"If I may come to Greenley Street, I may learn a good deal beside the Muffin-man," said Mr. Kirkbright, giving her his hand to help her up a steep, slippery place.
Desire foolishly blushed. She knew it, and knew that her hat did not defend her in the least. She could not take it back now; she had invited him. But what would he think of her blushing about it?
"You can learn what we all learn. I am only a scholar," she said, shortly. And then she stood accused before her own truthfulness of having covered up her blush by a disclaimer that had nothing to do with it. She was conscious that she had colored like any silly girl, at she hardly knew what. She was provoked with herself, for letting the shadow of such things touch her. She hurried on, up the rough bank, before Mr. Kirkbright. When she reached the top, she turned round and faced him; this time with a determinedly cool cheek.
"I don't know why I said that. I did not suppose you thought you could learn anything of me," she said. "I was confused to think I had asked you in that offhand way to my house. I have not been very long used to being the head of a house."
She smiled one of those bits of smiles of hers; a mere relaxation of the lips that showed the white tips of her front teeth and just indicated the peculiar, pretty curve with which the others were set behind them; feeling reassured and reinstated in her own self-respect by her explanation. Then, without letting him answer, she turned swiftly round again, and sprang up the rugged stairway of the shelving rock.

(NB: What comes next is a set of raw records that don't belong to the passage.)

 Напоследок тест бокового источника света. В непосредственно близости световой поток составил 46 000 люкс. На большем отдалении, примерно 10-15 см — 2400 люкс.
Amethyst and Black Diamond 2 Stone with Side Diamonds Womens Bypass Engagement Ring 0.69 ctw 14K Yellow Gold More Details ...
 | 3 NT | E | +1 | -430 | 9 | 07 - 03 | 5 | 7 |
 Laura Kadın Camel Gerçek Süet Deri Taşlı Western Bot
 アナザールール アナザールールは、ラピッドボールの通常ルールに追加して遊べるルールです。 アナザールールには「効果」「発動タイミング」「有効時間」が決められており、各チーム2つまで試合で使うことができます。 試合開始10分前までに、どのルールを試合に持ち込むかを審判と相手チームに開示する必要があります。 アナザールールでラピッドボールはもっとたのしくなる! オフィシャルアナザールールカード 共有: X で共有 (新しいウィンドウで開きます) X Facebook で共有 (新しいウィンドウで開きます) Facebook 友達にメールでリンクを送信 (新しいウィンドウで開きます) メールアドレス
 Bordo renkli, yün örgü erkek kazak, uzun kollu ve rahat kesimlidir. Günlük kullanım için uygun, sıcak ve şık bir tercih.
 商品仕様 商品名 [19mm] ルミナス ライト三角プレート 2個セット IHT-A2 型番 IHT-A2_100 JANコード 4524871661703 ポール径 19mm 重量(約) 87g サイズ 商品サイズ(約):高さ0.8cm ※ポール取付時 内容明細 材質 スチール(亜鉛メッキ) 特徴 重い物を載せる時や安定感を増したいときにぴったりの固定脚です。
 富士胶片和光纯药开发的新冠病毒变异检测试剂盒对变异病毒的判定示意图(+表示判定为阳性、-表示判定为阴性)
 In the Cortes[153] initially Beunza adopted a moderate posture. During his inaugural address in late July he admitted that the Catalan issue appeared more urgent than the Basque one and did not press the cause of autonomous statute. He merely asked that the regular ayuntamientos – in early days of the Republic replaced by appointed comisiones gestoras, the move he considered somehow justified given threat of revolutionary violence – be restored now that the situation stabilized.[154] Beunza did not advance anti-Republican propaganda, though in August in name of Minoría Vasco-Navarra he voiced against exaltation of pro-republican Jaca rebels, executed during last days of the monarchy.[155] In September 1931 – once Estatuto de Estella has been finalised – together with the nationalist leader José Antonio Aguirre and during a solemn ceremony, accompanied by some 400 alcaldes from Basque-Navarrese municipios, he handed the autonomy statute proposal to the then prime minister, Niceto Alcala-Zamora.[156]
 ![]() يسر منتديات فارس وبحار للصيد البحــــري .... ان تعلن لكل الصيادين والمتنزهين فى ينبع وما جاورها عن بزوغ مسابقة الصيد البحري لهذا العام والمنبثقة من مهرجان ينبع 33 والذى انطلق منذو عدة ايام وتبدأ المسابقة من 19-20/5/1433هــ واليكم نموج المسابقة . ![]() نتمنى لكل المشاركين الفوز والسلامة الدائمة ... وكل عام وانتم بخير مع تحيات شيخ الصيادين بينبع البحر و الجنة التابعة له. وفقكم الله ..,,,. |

But she had not uninvited him, after all.
They found Miss Kirkbright and Sylvie waiting for them at the red house. It was a quaint structure, with a kind of old, foreign look about it. It made you think either of an ancient family mansion in some provincial French town, or of a convent for nuns.
It was of dark red brick,—the quality of which Mr. Kirkbright remarked with satisfaction,—with high walls at the gable ends carried above the slope of the roof. These were met and overclasped at the corners by wide, massive eaves. A high, narrow door with a fan-light occupied the middle of the end before which the party stood. Windows above, with little balconies, were hung with old red woolen damask, fading out in stripes; perishing, doubtless, with moth and decay; in one was suspended a rusty bird-cage which had once been gilt.
What an honest neighborhood this was, in which these things had remained for years, and not even the panes of the windows had been broken by little boys! But then the villages full of little boys were miles away, and the single families at the nearer farms were well ordered Puritan folk, fathered and mothered in careful, old fashioned sort. There was some indefinite awe, also, of the lonely place, and of the rich, far-off owner who might come any day to look after his rights, and make a reckoning with them.
Up, from platform to platform of the terraced rock, as Sylvie had said, climbed the successive sections of the dwelling. The front was two and a half stories high; the last outlying projection was a single square apartment with its own low roof; towards the back, within, you went up flight after flight of short stairs from room to room, from passage to passage. Once or twice, the few broad steps between two apartments ran the whole width of the same.